The Little Hermit (Phaethornis longuemareus) is a hummingbird that is a resident breeder in north-eastern Venezuela, northern Guyana, Suriname, French Guiana and Trinidad. This lowland species occurs in various semi-open wooded habitats, e.g. mangrove, secondary forest, plantations and scrub. In Trinidad it also occurs in rainforest. It is fairly common in most of its range, and therefore listed as Least Concern by BirdLife International.
Previously, several other small hermits were considered subspecies of this species. These are the Stripe-throated Hermit (P. striigularis) of Central America and NW South America, the Minute Hermit (P. idaliae) of SE Brazil and the Black-throated Hermit (P. atrimentalis) of W. Amazonia in Colombia, Ecuador and Peru. As presently defined, the Little Hermit is monotypic.
It is among the smallest hummingbirds with a total length of ca. 9 cm. (3½ in) and a weight of 2½-3½ g. (0,08-0,12 oz). It is olive-green above with orange-ochraceous uppertail coverts and underparts (the belly often is greyer). As most other hermits, it has a long decurved bill, elongated central rectrices with whitish tips and a blackish mask bordered by a whitish-buff malar and supercilium. The upper mandible is black, the lower is yellow with a black tip. The male has a slightly darker throat than the female.
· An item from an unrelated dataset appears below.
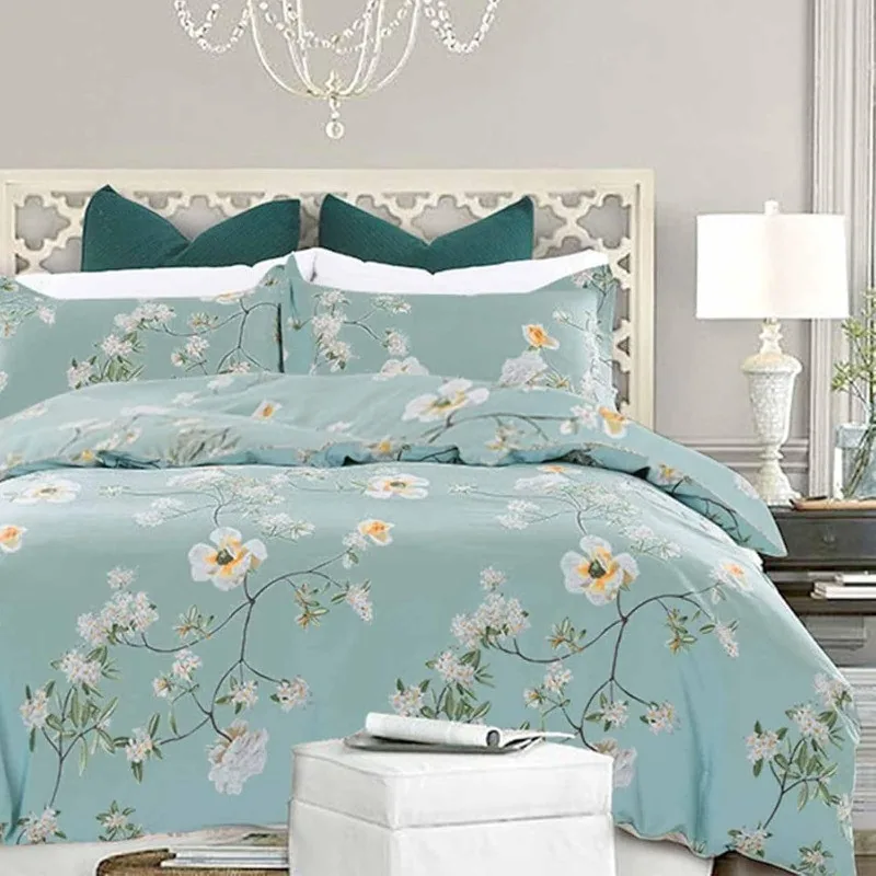 - 【Soft and Cozy】Made from 100% premium washed microfiber, the teal Floral Print Pattern duvet cover allows you to enjoy ultimate softness and is comfortable, breathable and lightweight for all season use, cooling in Spring and Summer and warm in Fall and Winter. It’s a good gift choice for families and friends.
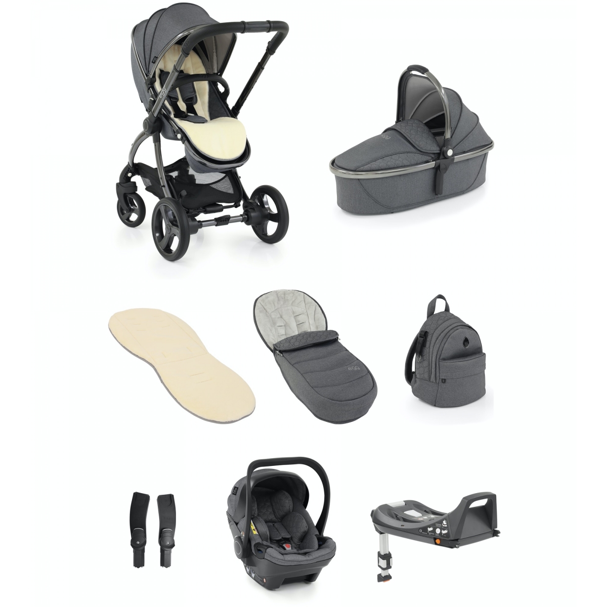 This package includes: egg® 2 Stroller egg® 2 Carrycot egg® 2 Shell Car Seat egg® Shell ISOFIX Base egg® Multi Car Seat Adapters egg® Backpack egg 2 Stroller Introducing the Egg2 Stroller ? re-invented and reborn, Egg have taken the amazing and popular original stroller and evolved it ? they?ve kept all the concepts from the original stroller, including the inspired luxury design and improved on it. Soft-touch marl tailoring in the stunning Just Black colourway, smooth curves, infinite lines, and superb design engineering, the Egg2 ensures an effortlessly smooth ride for baby and exceptional ease of use for new parents. This stroller is a Special Edition and therefore includes a Special Edition matching backpack changing bag as well as a soft fur liner in a beautiful blush colour. Compatible and convertible, the Egg2 can be used from birth with a carrycot, newborn insert or a variety of car seats like Maxi-Cosi, Cybex or Be Safe as well as the Egg Shell 2 i-Size car seat. A number of coordinating accessories are available including footmuffs, changing bags, and a parasol. Using the Egg2 tandem adaptors (sold separately) you can turn the stroller into a tandem making the stroller future proof if your family grows. Features: Suitable from 6 months to 25kg (Birth with carrycot, newborn insert or car seat) Forward and parent facing Car seat and carrycot compatible One-hand fold Luxurious design that will turn heads Free-standing compact fold to keep fabrics cleaner Adjustable leg rest to keep your child comfy Can be faced towards you or the world, your choice Reclines to keep your child comfortable for longer egg 2 Carrycot The egg® Carry Cot is designed with your childs comfort in mind and with a mattress and padded liner included, paired with the domed top of the carrycot your child will be sure to travel in maximum comfort every time they are in their stroller. The egg® Carry Cot is suitable for use in both single and tandem mode, and can even be used for occasional o

The males form communal leks where they sing and flash their tails to attract the females. The song varies over its range, but typically is high, squeaky, complex and repeated again and again.
The Little Hermit lays two eggs in a conical nest suspended under a large leaf. Incubation and fledging period not reported, but probably as relatives where incubations is 14-16 days, and fledging another 20-23 days.
The food of this species is nectar, taken from a wide variety of flowers (e.g. Heliconia), and some small insects. It feeds mainly by trap-lining.